E. J. Thomas Performing Arts Hall, more commonly known as E. J. Thomas Hall, is a performing arts hall located in downtown Akron, Ohio on the University of Akron campus.

History
Opened in 1973, The University of Akron's E. J. Thomas Performing Arts Hall is a  hall, that can seat up to 2,955 people, depending on the arrangement of the facility.

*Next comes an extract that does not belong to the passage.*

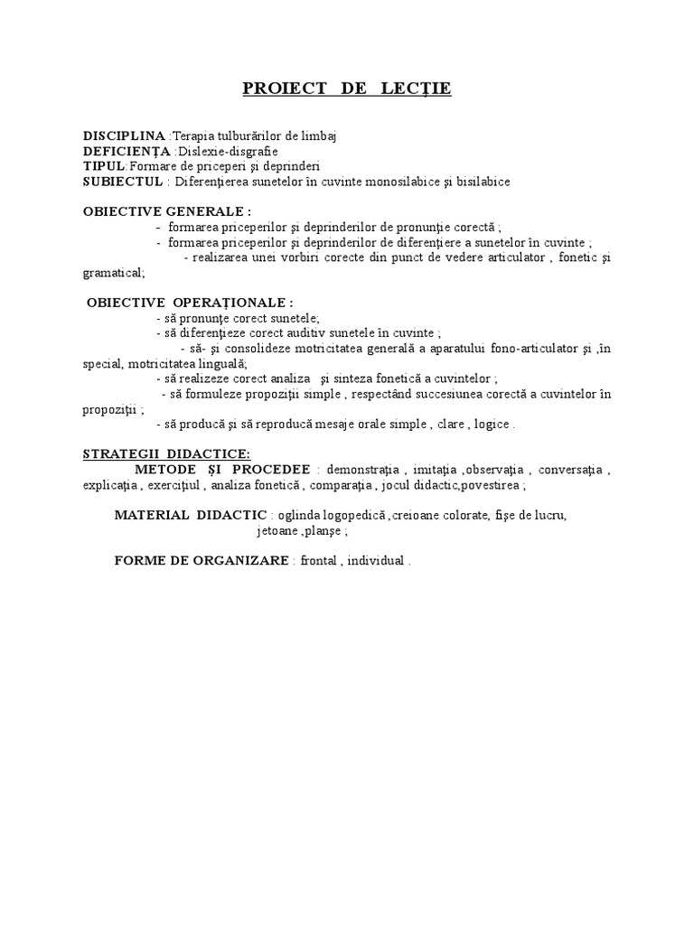 Proiect Didactic Logopedie Dislexie Disgrafie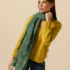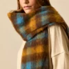 Bufanda de estampado de rombos en tonos gris, blanco y mostaza. Diseño amplio, detalle de flecos en los extremos y tacto suave.

It seats 2,955 with the ceiling at full height, 2,343 with it at the front edge of the flying balcony, and 743 when the grand tier is entirely closed off.

On October 9, 1973, the hall opened "with a world premiere by Mexican composer Carlos Chavez," performed by the Akron Symphony Orchestra.

The first director of The University of Akron's E. J. Thomas Hall was Clint Norton, followed by Robert D'Angelo, co-producer of Mummenschanz on Broadway in 1979 and Dan Dahl in 1991.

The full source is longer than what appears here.